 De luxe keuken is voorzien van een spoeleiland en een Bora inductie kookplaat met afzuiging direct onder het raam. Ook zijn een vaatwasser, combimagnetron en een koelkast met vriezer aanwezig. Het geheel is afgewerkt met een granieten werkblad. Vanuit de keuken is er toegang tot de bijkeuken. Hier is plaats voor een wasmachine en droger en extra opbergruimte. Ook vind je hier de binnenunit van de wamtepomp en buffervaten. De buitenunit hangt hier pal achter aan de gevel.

--------------------------------------------------

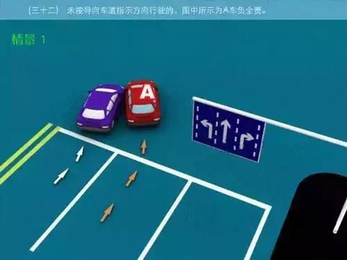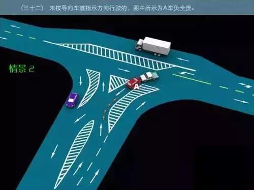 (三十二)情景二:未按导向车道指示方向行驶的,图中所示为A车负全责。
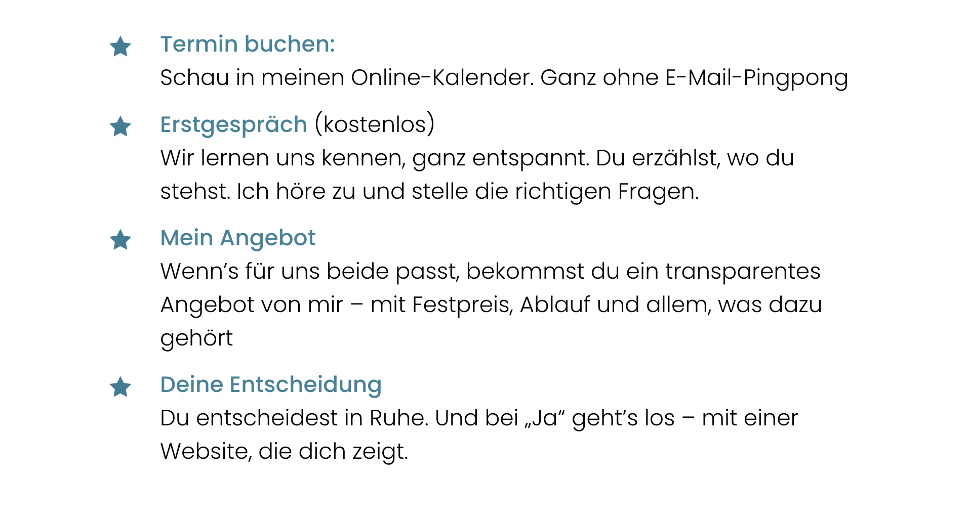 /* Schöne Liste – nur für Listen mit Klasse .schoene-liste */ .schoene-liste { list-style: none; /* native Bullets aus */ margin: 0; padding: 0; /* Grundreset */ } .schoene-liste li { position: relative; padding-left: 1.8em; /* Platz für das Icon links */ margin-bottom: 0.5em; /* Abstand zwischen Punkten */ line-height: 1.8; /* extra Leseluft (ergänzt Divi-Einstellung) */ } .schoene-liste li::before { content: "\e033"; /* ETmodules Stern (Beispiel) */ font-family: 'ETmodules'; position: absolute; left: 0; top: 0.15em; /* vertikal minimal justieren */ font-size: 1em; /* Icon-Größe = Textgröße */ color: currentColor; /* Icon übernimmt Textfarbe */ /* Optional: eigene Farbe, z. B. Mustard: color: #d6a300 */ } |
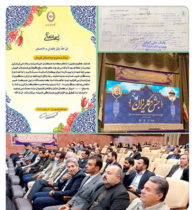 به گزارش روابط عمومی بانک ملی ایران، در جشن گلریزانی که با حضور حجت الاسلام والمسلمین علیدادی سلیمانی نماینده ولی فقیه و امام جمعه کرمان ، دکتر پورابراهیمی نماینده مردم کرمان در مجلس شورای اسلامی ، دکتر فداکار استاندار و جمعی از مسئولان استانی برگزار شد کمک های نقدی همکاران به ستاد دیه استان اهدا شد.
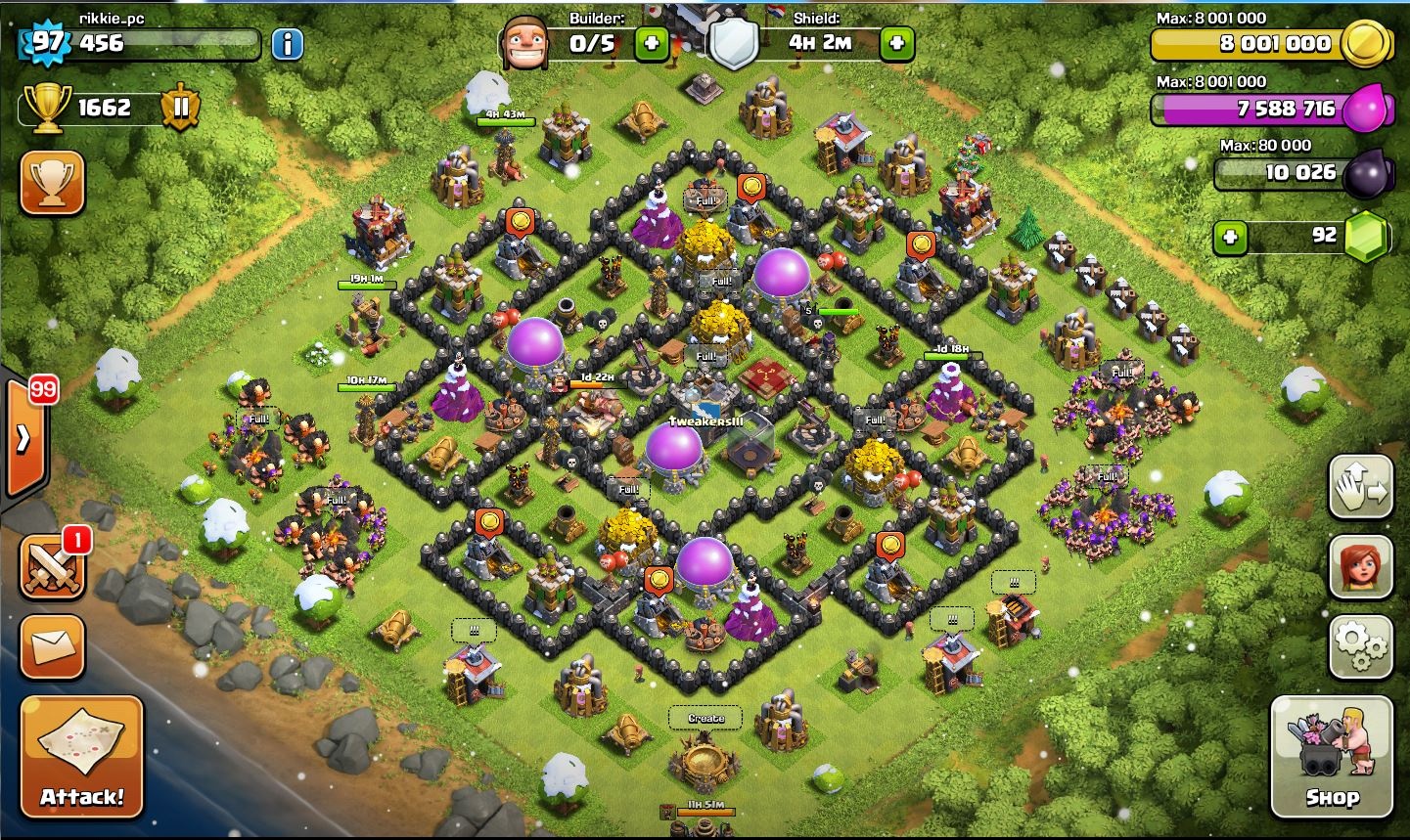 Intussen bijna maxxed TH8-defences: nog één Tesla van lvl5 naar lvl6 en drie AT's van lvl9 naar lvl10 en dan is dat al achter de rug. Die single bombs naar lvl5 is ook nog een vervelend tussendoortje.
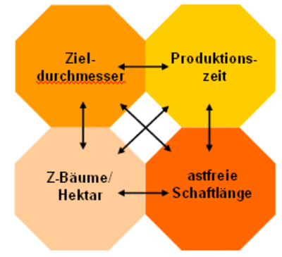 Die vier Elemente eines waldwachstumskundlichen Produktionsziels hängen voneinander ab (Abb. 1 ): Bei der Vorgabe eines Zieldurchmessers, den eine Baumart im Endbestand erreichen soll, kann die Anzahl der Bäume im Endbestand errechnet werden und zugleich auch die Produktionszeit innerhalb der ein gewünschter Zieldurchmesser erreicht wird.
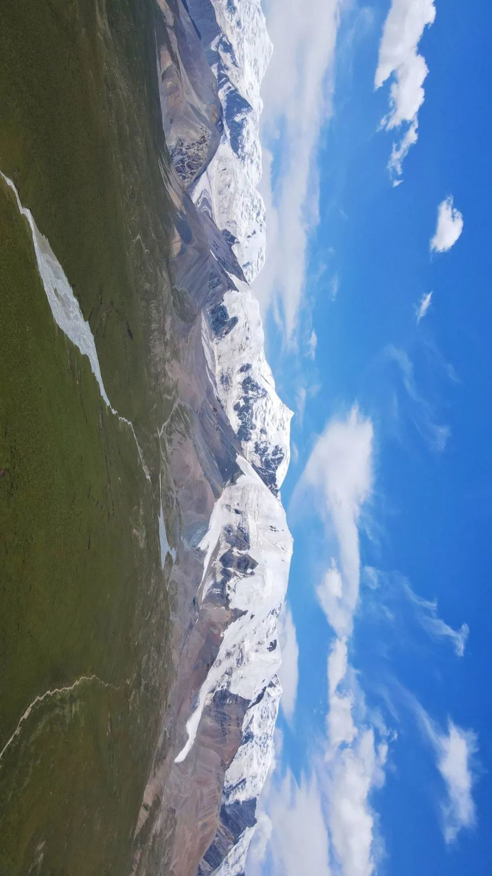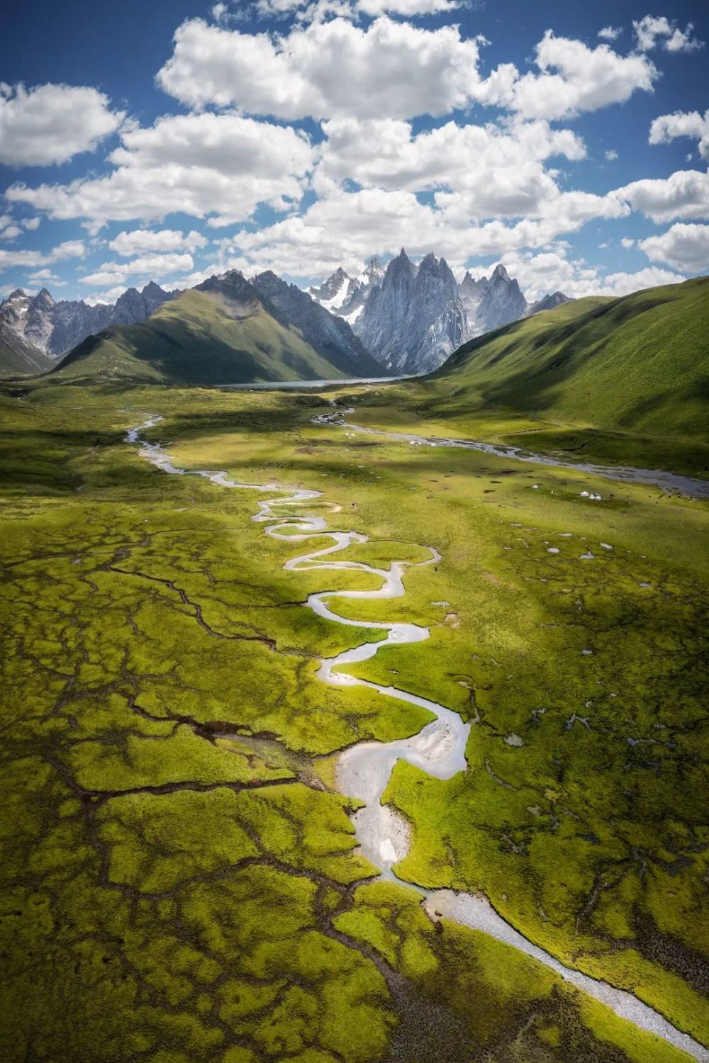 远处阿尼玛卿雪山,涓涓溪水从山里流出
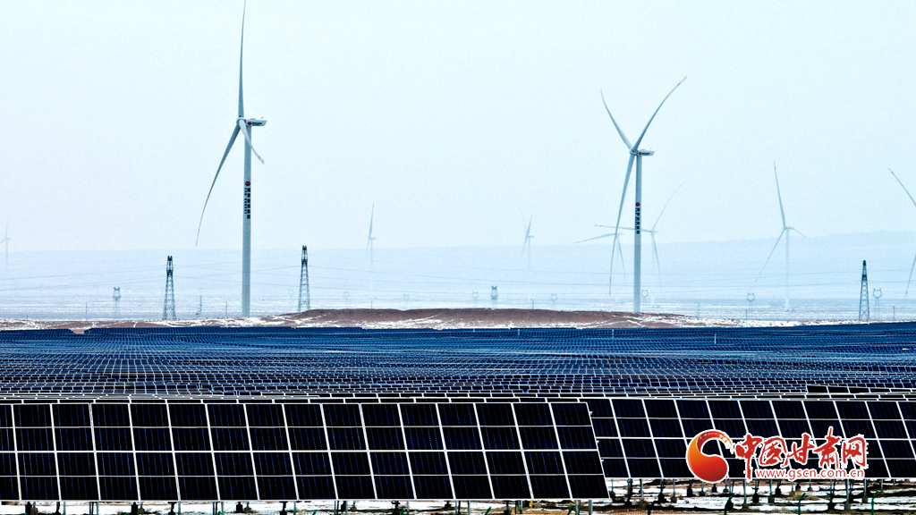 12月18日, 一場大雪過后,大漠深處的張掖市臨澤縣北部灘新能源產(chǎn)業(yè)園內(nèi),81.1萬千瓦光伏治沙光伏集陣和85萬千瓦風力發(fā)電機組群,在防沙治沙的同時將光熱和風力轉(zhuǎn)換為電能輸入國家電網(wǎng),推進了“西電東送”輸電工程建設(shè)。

--------------------------------------------------

Out of the records above, return only the lines from the one with "به گزارش روابط" through the one with "12月18日, 一場大雪過后", exactly, and none of the pictures.

## Answer section
 به گزارش روابط عمومی بانک ملی ایران، در جشن گلریزانی که با حضور حجت الاسلام والمسلمین علیدادی سلیمانی نماینده ولی فقیه و امام جمعه کرمان ، دکتر پورابراهیمی نماینده مردم کرمان در مجلس شورای اسلامی ، دکتر فداکار استاندار و جمعی از مسئولان استانی برگزار شد کمک های نقدی همکاران به ستاد دیه استان اهدا شد.
 Intussen bijna maxxed TH8-defences: nog één Tesla van lvl5 naar lvl6 en drie AT's van lvl9 naar lvl10 en dan is dat al achter de rug. Die single bombs naar lvl5 is ook nog een vervelend tussendoortje.
 Die vier Elemente eines waldwachstumskundlichen Produktionsziels hängen voneinander ab (Abb. 1 ): Bei der Vorgabe eines Zieldurchmessers, den eine Baumart im Endbestand erreichen soll, kann die Anzahl der Bäume im Endbestand errechnet werden und zugleich auch die Produktionszeit innerhalb der ein gewünschter Zieldurchmesser erreicht wird.
 远处阿尼玛卿雪山,涓涓溪水从山里流出
 12月18日, 一場大雪過后,大漠深處的張掖市臨澤縣北部灘新能源產(chǎn)業(yè)園內(nèi),81.1萬千瓦光伏治沙光伏集陣和85萬千瓦風力發(fā)電機組群,在防沙治沙的同時將光熱和風力轉(zhuǎn)換為電能輸入國家電網(wǎng),推進了“西電東送”輸電工程建設(shè)。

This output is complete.